Why Sherpas Face Different Risks
About one-third of all Everest deaths have been Sherpas. Of roughly 290 total fatalities recorded by the Himalayan Database, 94 were Sherpa workers. Their risk profile looks different from that of foreign climbers. While a commercial client is statistically more likely to die near the summit, a Sherpa is more likely to die in the Khumbu Icefall, where they make repeated trips to establish camps and fix ropes.
Sherpas carry heavy loads through the icefall dozens of times per season, multiplying their exposure to avalanche and serac collapse. The 2014 icefall disaster and a 2015 earthquake that killed at least 17 people at base camp (including seven Sherpas) highlight how the mountain’s deadliest moments often hit the workforce hardest.
Why Bodies Stay on the Mountain
More than 200 bodies remain on Everest, most of them in the death zone.
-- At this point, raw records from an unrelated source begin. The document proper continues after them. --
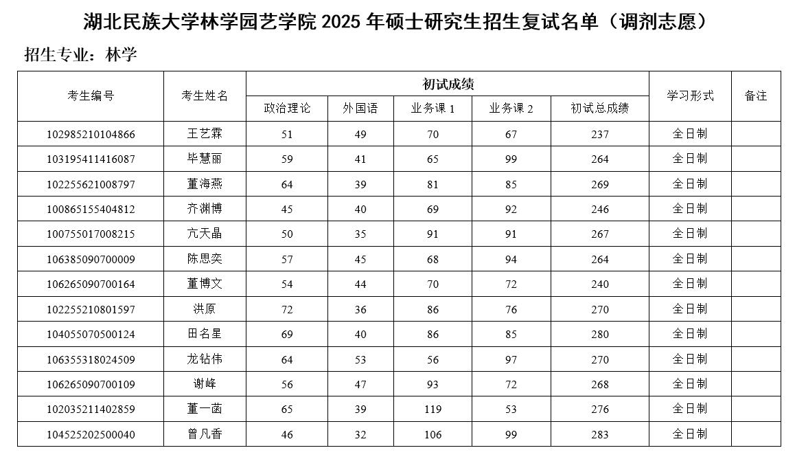 林学园艺学院2025年硕士研究生招生复试名单(调剂志愿)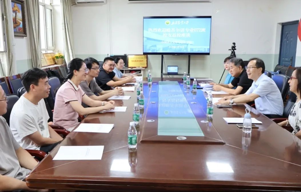 7月26日,我院迎来了一批特殊的“客人”——维吾尔语专业毕业多年的校友们怀着对母校的深切眷恋回到校园,与学院领导教师开展座谈交流,并先后参观了校史馆与图书馆,共同重温青葱岁月,共话学院发展新蓝图。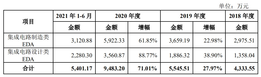 EDA工具授权业务中包括集成电路制造类EDA和设计类EDA,这两部分的增长速度较快,2019年度对比同期分别实现22.98%和38.9%的增长,2020年度的涨幅更是扩大到61.85%和88.77%。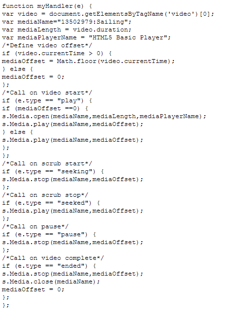 In the previous Flash Video Measurement post, I mentioned a growing trend for Flash players to be Hybrid players, where video playback will occur within Flash when available and fall-back to using an HTML5 video player in environments where Flash is not available. Hybrid players have a very similar implementation to this HTML5 example; however, in the Player Mapping section, a Hybrid player will rely on the JavaScript API code rather than the standard HTML5 JavaScript. Again, your video player developers should provide more documentation describing how to map the player.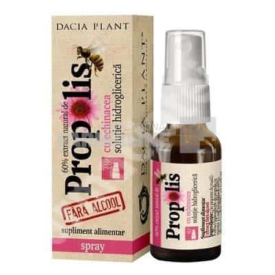 Descriere Propolis cu Echinacea fără alcool spray este un produs natural destinat menținerii sănătății cailor respiratorii, a cavitații bucale și a pielii. Dintre produsele naturale administrate pe cale orală, soluțiile fără alcool sunt cel mai ușor asimilate de către organism, extractul putând fi administrat inclusiv copiilor și adulților cu interdicție la alcool etilic. Proprietăți:Intern: – menținerea sănătății aparatului respirator; – susținerea imunității organismului.Extern: – dezinfectarea cailor respiratorii superioare; – dezinfectarea cavității bucale; – îndepărtarea mirosurilor neplăcute ale gurii; – împrospătarea respirației; – dezinfectarea pielii. CompozitieEchinacea (Echinacea purpurea) – extract hidrogliceric (68,67%); propolis – extract hidrogliceric cu minimum 12 mg/ml polifenoli (30%); amestec de uleiuri esentiale [menta-salbatica (Mentha arvensis)(28,58%); eucalipt (Eucalyptus globulus)(28,58%); bergamota (Citrus aurantium ssp. bergamia)(14,28%); lamaie (Citrus limonum) (14,28%); fenicul (Foeniculum vulgare)(14,28%)](1,33%).Mod de administrareIntern: Copii între 3 și 7 ani: câte un puf de 3 ori pe zi. Copii între 7 și 14: câte 1-2 pufuri de 3 ori pe zi. Adulți și tineri peste 14 ani: câte 2-4 pufuri de 3 ori pe zi. Produsul se administrează cu 30 minute înainte mesei. Pentru dezinfectarea căilor respiratorii superioare și a cavității bucale se administrează câte 2-4 pufuri în cavitatea bucală la nevoie.Extern: Pentru menținerea sănătății pielii se aplică 1-2 pufuri pe zona afectată la nevoie.ProducatorDacia PlantMod de prezentareFlacon 20 ml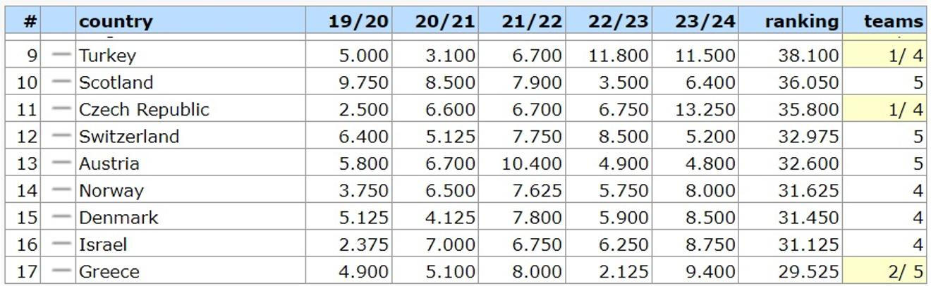 Země za aktuálně jedenáctým Českem mají velký odstup a jejich zástupci už z Evropy vypadli.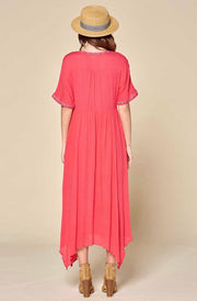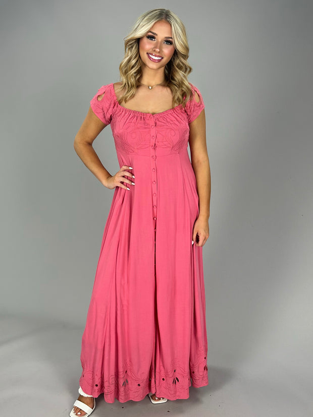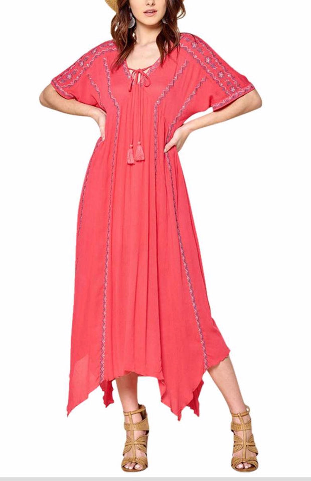 LD-A {Charmed Life} Coral Dress with Embroidery Detail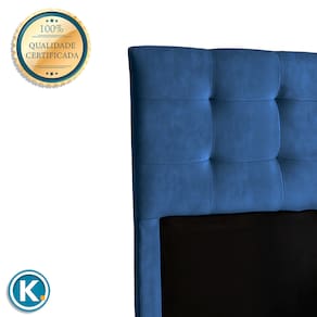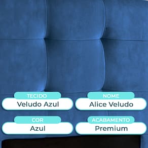 Cabeceira Estofada Solteiro Alice Nature Veludo Azul 88x136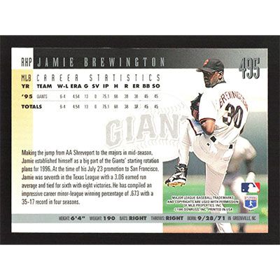 This is a 1996 Donruss Jamie Brewington baseball card. The card is #495 and pictures show condition.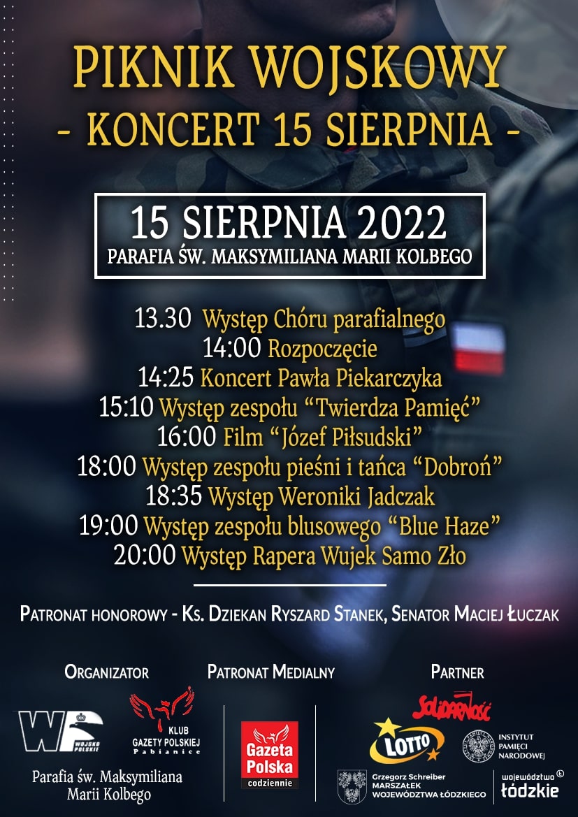 W poniedziałek, 15 sierpnia, przypada Uroczystość Wniebowzięcia NMP oraz rocznica Bitwy Warszawskiej z 1920 r. Od godziny 13.30 rozpocznie się na placu przy kościelnym Piknik Patriotyczno-Wojskowy z wieloma atrakcjami dla całych rodzin. Serdecznie zapraszamy.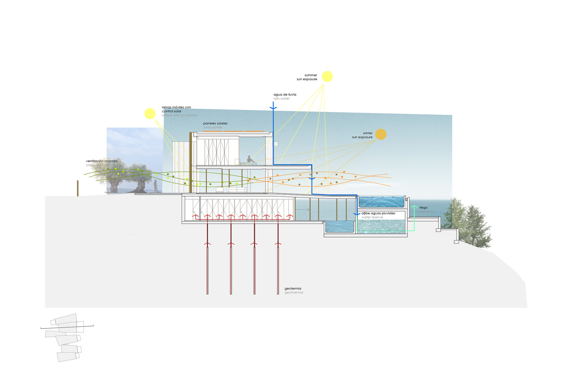 Under the outdoor swimming pool has been prepared an underground tank of 100,000 liters, where the rainwater is channeled subsequently for the use of irrigation. The groundcover vegetation of the garden is watered by exudation. The species used in the landscaping are native to providing a high level of integration in the environment and rational behavior of the species, with a consistent and controlled consumption of water resources.
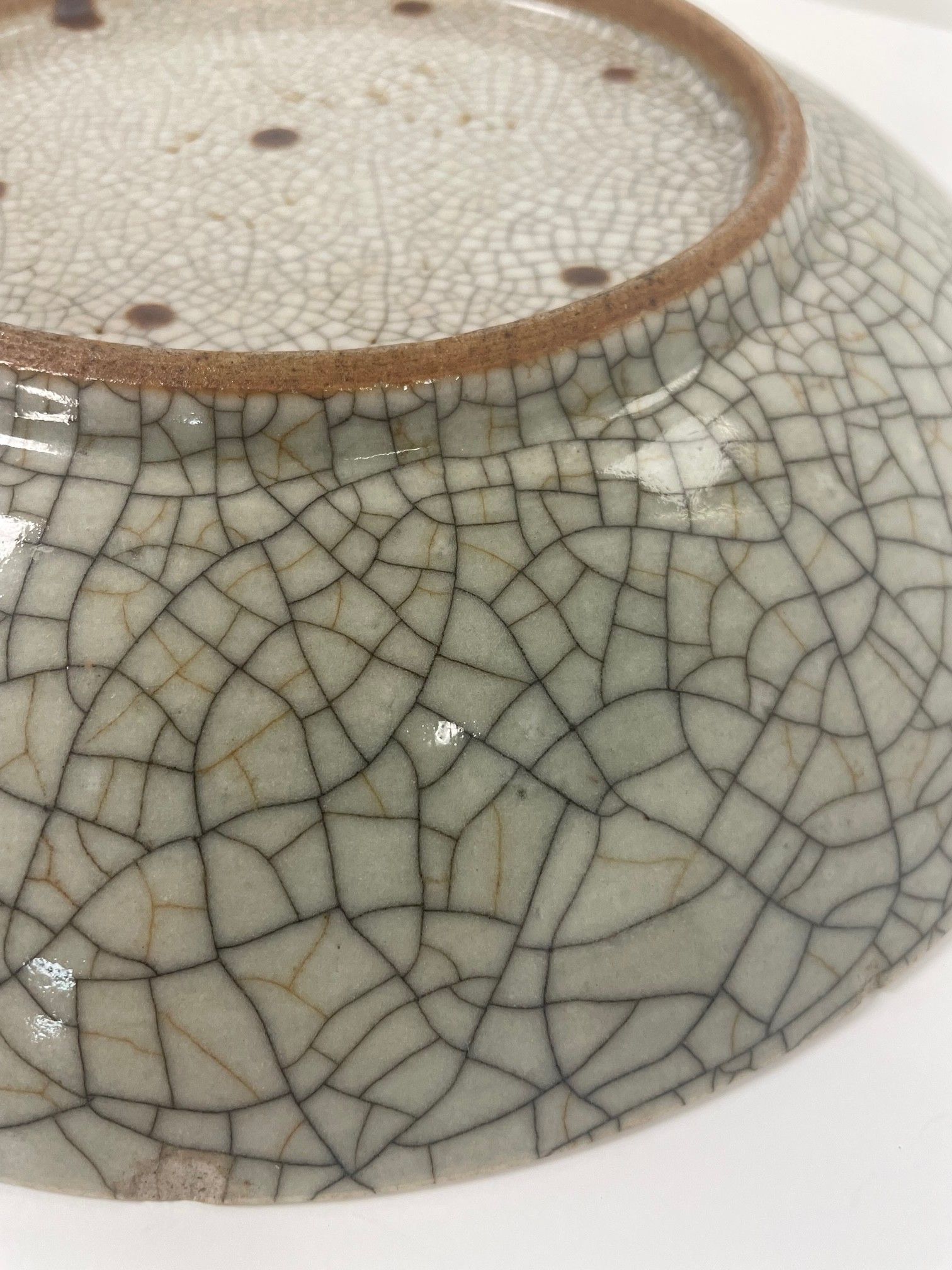 CHINE - XIXe siècle. Coupe en grès à couverte céladon craquelé de type guan. (Eclat et choc au rebord) Diam. 27,5 cm. Expert : Cabinet Portier, Paris.

Retrieving a body requires six to ten Sherpas working for most of a day, at extreme personal risk, and costs between $30,000 and $70,000. A frozen body that weighed 80 kilograms in life can weigh 150 kilograms when encased in ice. Helicopters generally cannot land above Camp 2 at 21,000 feet because the air is too thin to generate sufficient lift. Recovery attempts have themselves resulted in deaths, which is why many families ultimately choose to leave their loved ones on the mountain.